If you were both so confident that you made no prenuptial arrangements, do not worry. As long as you have a clear vision of what you want, you can not go wrong.
A post-divorce agreement includes several things like; sharing of possessions, child support/ custody, and mutual privileges. For either of you to not get cheated, you both have to sit down privately to discuss all these; before ever stepping foot in court. Hash out the specifics together and think of it as one last merry goodbye to your old married life.
4. There Is No We In A Divorce
Let us say you, and someone just broke up. It was because of logical reasons, was it not? Now swap out, ‘break up’ for ‘divorce,’ and you have an even bigger reason.
It is not normal for you to leave someone or vice versa for petty reasons. So there is no point in getting back with them, no matter what kind of gravity is drawing you back. When you feel doubtful about it, remind yourself why you two are no longer together.
Also, try to respect their boundaries and expect them to reciprocate. Divorce means no more asking who they are seeing or informing them of the goings-on in your life. You should examine the new situation and create filters to shelve anything that does not directly concern you both.
5. Isolation Is Normal
During getting a divorce, you may not have come to terms with it yet because of shock. That is why after the divorce has happened and your life partner has left, you will feel overwhelmingly alone.
Your isolation can sometimes be so encompassing that it becomes all you can think about. You should not give in to such feelings or let them affect your life. To deal with a divorce, Isolation is normal.
Take some time to go out and enjoy yourself with friends. Revel in the single life for a while and try not to fight it. Give yourself breathing room, and do not rush into any new relationships for fear of loneliness.Â
Above all, know that all that you are feeling is quite temporary.
6. The Kids Will Be Fine Because You Ensure That They Are
Having children together with your divorced partner can be quite hard, but let us say you do. A lot of stuff is going to change for the young ones.
They might have to move for school and juggle many things in between, including the constant back-and-forth visits to either parent. The separation of both their parents would be painful, especially if you or your ex-partner have moved on with someone else.
It would be best if you never underestimate the needs of your child in the whole situation.
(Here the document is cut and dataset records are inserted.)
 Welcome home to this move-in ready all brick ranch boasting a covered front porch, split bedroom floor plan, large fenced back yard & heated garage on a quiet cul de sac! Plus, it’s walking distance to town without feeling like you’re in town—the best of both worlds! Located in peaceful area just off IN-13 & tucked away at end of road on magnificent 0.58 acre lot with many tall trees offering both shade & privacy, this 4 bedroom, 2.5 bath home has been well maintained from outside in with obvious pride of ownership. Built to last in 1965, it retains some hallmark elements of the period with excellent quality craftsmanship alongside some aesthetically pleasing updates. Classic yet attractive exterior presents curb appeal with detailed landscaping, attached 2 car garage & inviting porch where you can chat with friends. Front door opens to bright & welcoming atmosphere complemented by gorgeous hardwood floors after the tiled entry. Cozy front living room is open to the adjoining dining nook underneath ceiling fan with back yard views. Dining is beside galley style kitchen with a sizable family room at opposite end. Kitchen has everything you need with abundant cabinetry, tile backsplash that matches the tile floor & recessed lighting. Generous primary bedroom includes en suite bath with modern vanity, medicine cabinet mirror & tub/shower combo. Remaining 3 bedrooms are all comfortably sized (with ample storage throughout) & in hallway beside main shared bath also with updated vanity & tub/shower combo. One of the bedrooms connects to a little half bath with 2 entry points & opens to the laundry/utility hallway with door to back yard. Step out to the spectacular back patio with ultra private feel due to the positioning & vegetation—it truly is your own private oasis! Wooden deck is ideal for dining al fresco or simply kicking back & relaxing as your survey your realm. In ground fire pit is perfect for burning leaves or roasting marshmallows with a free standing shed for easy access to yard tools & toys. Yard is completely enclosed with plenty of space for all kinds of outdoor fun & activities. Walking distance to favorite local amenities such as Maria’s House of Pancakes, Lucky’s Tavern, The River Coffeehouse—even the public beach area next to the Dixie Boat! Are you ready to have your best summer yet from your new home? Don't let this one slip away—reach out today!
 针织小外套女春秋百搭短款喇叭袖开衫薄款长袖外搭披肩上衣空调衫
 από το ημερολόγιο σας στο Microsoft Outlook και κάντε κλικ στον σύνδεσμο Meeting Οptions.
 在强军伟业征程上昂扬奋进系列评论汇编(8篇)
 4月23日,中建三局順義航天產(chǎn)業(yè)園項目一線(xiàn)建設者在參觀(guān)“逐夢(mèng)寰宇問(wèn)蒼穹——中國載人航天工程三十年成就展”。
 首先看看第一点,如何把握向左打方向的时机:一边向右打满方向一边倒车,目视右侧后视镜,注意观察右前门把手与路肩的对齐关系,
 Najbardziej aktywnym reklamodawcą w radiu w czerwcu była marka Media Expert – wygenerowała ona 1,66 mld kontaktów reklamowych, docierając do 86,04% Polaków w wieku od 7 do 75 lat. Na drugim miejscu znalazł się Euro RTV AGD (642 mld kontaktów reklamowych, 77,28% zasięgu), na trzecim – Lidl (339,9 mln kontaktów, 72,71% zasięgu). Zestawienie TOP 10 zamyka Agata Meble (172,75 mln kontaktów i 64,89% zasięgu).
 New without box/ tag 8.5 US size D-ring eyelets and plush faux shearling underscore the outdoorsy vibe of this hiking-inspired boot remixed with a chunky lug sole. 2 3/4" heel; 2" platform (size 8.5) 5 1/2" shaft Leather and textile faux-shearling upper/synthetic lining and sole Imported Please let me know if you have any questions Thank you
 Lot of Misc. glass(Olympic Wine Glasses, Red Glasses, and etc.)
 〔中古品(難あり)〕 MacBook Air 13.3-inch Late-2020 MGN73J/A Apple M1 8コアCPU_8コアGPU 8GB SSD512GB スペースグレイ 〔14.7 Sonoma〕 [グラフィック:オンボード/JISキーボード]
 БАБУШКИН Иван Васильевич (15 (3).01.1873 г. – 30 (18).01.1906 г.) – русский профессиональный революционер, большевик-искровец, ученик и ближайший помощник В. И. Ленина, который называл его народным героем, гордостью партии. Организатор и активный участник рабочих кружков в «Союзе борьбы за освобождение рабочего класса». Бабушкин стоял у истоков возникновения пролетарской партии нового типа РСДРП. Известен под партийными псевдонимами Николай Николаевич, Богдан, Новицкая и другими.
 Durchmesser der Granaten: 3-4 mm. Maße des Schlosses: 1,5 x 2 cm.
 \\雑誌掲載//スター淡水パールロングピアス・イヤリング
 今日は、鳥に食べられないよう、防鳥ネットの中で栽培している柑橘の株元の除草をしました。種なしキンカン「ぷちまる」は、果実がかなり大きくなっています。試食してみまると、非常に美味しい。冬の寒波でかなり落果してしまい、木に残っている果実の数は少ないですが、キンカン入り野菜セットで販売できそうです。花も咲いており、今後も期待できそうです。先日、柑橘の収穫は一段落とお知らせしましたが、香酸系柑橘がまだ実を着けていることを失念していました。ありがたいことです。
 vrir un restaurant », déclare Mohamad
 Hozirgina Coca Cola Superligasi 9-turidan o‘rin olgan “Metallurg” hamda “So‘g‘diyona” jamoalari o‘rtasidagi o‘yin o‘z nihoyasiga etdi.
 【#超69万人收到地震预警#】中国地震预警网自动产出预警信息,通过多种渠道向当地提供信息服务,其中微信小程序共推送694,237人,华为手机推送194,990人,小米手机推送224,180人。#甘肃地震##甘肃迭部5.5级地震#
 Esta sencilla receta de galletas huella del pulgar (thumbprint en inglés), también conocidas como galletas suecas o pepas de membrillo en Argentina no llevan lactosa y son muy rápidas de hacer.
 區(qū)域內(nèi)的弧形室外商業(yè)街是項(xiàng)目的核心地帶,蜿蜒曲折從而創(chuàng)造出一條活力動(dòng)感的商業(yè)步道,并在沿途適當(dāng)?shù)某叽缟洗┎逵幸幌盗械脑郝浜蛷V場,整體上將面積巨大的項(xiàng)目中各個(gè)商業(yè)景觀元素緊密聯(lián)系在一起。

Take your time to educate them on their new reality and assure them it will be alright. They need it more than you may know.
7. Here Is To New Beginnings!
Divorce is not something that any couple will tell you they wish to have. Two consenting adults that come together to make promises of eternity would obviously not say that lightly. But sometimes people can not help to get divorced.
It is okay not to want to be with someone anymore. Just as it is okay if your partner does not want to be with you either, these things do not take away from who you are.
Bottom Line
Divorce in a marriage can be a very traumatic experience, most especially when you had previously invested so much love. So, take your time with that patient climb back to self-appreciation.
It may feel as though you have lost everything now, but just give it some time, and it would surprise you with the healing properties of time and faith in your own self. Divorce can be very stressful and the step-to-step guide outline here can help you to deal with it.